- Task -
Output the listing exactly, without its pictures.

- Dataset excerpt -
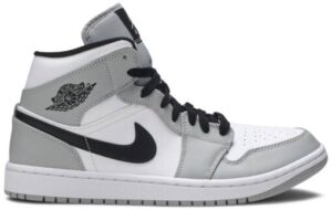 The AJ Jordan 1 Mid ‘Smoke Grey’ delivers an entirely neutral iteration of the classic silhouette. The upper features a crisp white leather base with contrasting grey leather overlays and a black Nike Swoosh. Up top, a grey Jumpman adorns the black woven tongue tag, while the classic Jordan Wings logo is stamped in black on the lateral collar flap. The mid-top rides on a foam midsole, enhanced with Nike AJ cushioning in the heel.
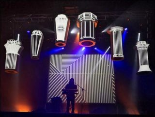 En complément, les groupes (LDLF et Hørd) invités lors de cette soirée ont assuré leurs sets au coeur d’une proposition plastique de l’artiste. Au-dessus de la scène, était accroché Railway To Yr. Skull (titre inspiré d’un morceau de Sonic Youth), une série de six sculptures dont les formes s’inspirent de cheminées de train à vapeur et sur lesquelles étaient projetées des vidéos qui en suivaient la silhouette, des créations originales assurées par des étudiants de l’EESI et du couple de clippeurs, anciens de l’EMCA Fred & Annabelle.
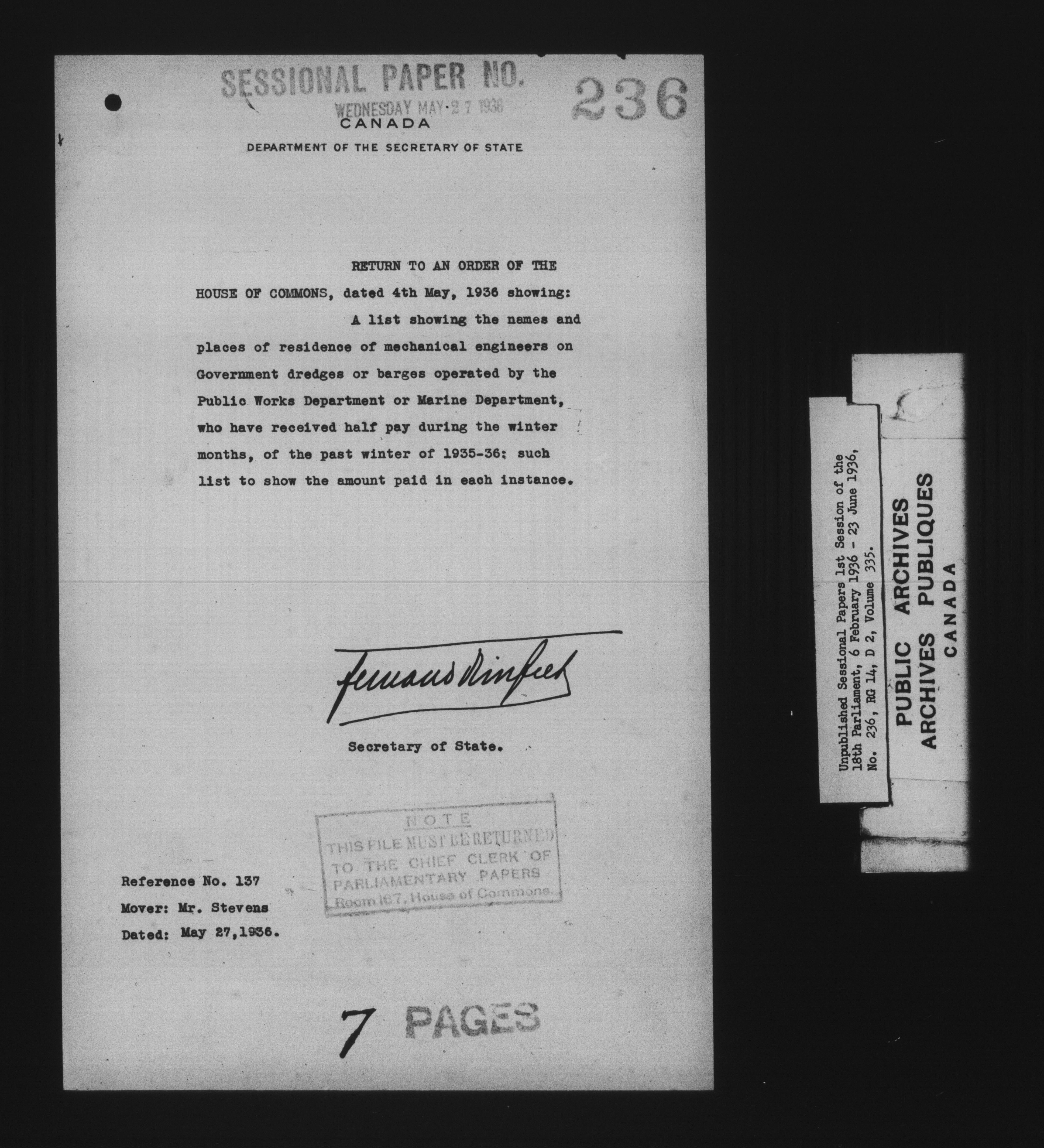 Unpublished sessional papers, 1st Session, 18th Parliament - 7874

- Reply to the exercise -
 The AJ Jordan 1 Mid ‘Smoke Grey’ delivers an entirely neutral iteration of the classic silhouette. The upper features a crisp white leather base with contrasting grey leather overlays and a black Nike Swoosh. Up top, a grey Jumpman adorns the black woven tongue tag, while the classic Jordan Wings logo is stamped in black on the lateral collar flap. The mid-top rides on a foam midsole, enhanced with Nike AJ cushioning in the heel.
 En complément, les groupes (LDLF et Hørd) invités lors de cette soirée ont assuré leurs sets au coeur d’une proposition plastique de l’artiste. Au-dessus de la scène, était accroché Railway To Yr. Skull (titre inspiré d’un morceau de Sonic Youth), une série de six sculptures dont les formes s’inspirent de cheminées de train à vapeur et sur lesquelles étaient projetées des vidéos qui en suivaient la silhouette, des créations originales assurées par des étudiants de l’EESI et du couple de clippeurs, anciens de l’EMCA Fred & Annabelle.
 Unpublished sessional papers, 1st Session, 18th Parliament - 7874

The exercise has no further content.